◆ **DATA RECORDS**:
********
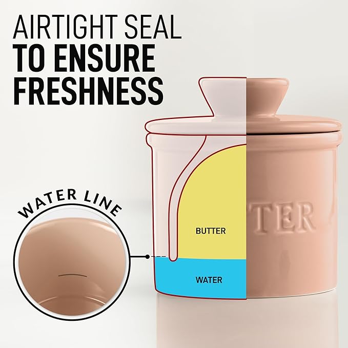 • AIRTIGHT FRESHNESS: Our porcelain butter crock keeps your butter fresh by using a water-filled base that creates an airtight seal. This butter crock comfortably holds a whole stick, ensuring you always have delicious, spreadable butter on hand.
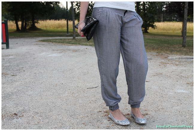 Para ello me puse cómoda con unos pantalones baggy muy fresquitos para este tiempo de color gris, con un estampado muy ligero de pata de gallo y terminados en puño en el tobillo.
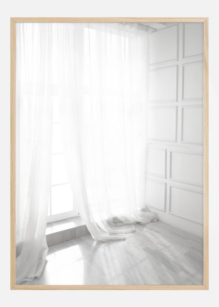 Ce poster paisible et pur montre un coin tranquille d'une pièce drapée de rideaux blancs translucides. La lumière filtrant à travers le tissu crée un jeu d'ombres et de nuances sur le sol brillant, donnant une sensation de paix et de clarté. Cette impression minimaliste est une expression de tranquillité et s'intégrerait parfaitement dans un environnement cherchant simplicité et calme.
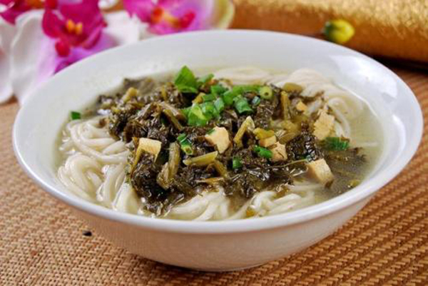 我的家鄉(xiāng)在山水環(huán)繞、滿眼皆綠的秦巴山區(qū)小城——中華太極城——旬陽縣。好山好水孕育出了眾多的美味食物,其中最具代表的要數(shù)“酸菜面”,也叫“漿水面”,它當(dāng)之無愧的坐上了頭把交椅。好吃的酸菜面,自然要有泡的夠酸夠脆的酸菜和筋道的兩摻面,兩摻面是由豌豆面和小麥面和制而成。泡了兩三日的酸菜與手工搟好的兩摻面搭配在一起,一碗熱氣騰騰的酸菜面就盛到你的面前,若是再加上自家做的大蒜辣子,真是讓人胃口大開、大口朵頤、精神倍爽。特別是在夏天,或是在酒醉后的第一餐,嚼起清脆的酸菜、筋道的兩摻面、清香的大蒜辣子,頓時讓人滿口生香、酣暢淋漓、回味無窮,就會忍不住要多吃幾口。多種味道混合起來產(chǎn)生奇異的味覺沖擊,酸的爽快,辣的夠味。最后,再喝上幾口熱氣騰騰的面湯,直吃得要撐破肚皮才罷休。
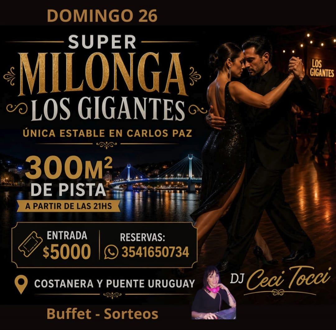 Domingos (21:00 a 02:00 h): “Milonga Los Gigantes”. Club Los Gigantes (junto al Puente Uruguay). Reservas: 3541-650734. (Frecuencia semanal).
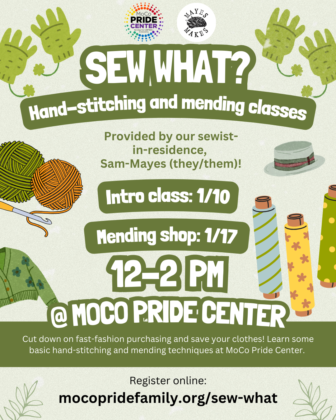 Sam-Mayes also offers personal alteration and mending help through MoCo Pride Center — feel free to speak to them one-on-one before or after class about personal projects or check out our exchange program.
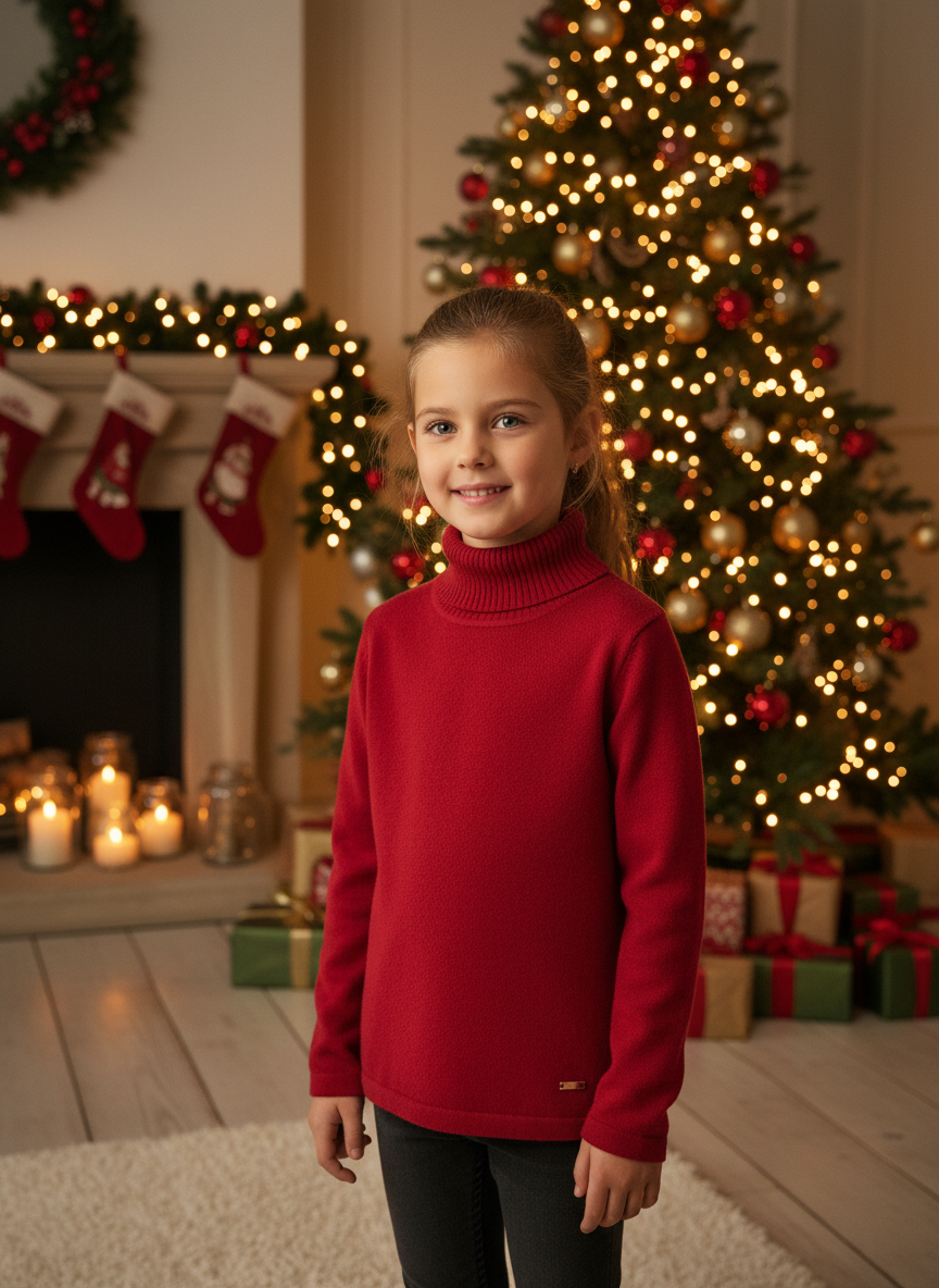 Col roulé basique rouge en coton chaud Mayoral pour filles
********
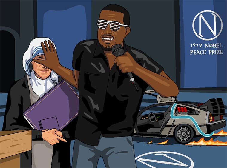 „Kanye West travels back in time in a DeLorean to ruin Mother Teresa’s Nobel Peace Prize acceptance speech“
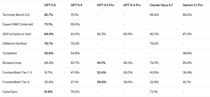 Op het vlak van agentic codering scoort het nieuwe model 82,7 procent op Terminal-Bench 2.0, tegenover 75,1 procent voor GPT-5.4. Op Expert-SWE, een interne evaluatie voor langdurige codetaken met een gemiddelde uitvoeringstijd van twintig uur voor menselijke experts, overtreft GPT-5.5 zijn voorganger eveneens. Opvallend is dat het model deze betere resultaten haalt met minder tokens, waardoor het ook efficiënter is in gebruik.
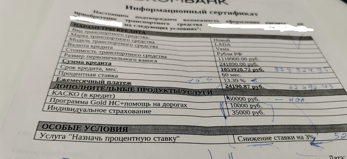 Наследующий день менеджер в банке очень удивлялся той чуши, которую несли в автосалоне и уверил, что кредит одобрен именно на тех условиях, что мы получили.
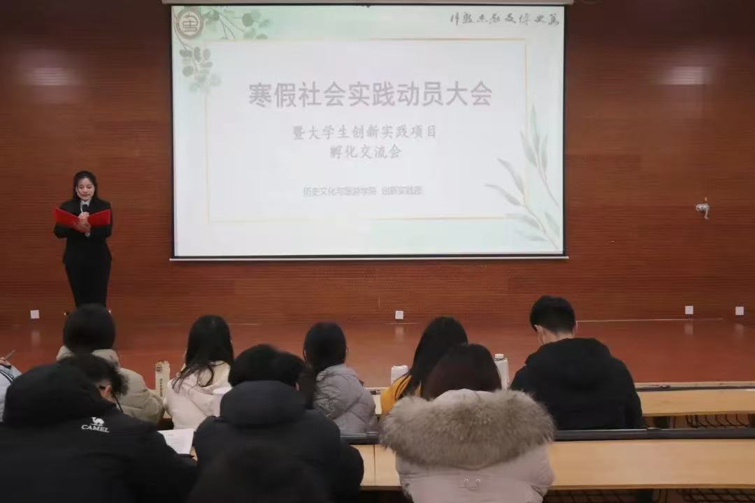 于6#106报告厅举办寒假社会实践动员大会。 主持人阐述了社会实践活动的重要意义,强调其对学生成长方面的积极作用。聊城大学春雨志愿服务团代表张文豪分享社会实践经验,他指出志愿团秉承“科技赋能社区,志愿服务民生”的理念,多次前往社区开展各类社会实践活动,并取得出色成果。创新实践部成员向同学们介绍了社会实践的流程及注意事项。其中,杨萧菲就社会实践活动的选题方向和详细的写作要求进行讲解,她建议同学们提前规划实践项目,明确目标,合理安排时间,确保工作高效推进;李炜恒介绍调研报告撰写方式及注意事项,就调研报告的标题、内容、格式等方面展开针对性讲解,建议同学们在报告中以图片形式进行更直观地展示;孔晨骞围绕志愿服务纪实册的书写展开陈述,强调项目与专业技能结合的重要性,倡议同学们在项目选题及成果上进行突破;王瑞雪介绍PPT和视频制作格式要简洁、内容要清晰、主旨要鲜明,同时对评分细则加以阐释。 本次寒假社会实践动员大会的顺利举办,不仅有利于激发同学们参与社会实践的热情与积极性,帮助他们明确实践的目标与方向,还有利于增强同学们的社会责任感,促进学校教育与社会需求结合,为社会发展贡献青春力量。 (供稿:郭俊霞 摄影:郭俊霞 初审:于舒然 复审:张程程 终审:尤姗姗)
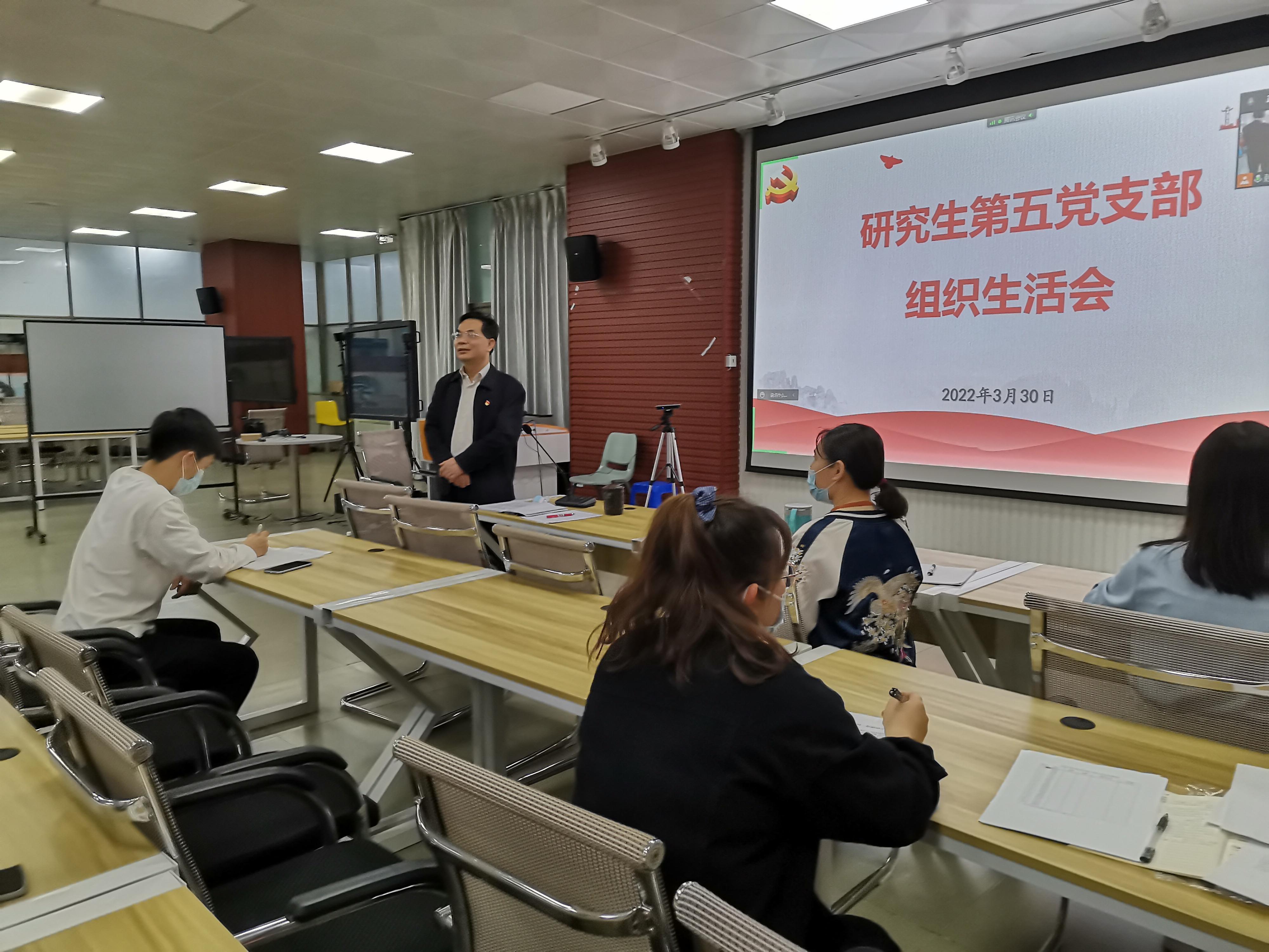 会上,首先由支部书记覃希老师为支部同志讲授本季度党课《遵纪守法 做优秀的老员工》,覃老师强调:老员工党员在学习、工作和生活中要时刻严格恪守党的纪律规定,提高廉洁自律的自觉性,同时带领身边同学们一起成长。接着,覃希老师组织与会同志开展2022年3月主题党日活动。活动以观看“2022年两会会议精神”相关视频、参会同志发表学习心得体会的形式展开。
********
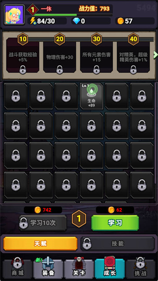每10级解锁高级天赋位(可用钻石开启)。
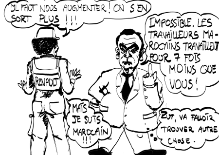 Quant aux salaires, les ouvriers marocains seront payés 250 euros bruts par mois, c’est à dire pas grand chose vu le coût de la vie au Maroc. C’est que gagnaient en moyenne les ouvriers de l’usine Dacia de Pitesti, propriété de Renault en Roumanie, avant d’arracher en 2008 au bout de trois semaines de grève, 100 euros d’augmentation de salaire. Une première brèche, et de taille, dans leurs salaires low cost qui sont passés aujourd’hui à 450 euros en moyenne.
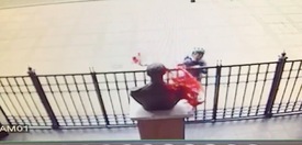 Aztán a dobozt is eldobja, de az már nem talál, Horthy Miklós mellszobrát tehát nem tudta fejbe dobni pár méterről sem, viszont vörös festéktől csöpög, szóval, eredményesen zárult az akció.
********
◆ **TASK**: Nothing outside the stretch above, from the line with "Domingos (21:00 a" through the line with "Col roulé basique", is set down. Transcribe that stretch exactly, ends included, but not its pictures.

◆ **OUTPUT FOR THIS TASK**:
 Domingos (21:00 a 02:00 h): “Milonga Los Gigantes”. Club Los Gigantes (junto al Puente Uruguay). Reservas: 3541-650734. (Frecuencia semanal).
 Sam-Mayes also offers personal alteration and mending help through MoCo Pride Center — feel free to speak to them one-on-one before or after class about personal projects or check out our exchange program.
 Col roulé basique rouge en coton chaud Mayoral pour filles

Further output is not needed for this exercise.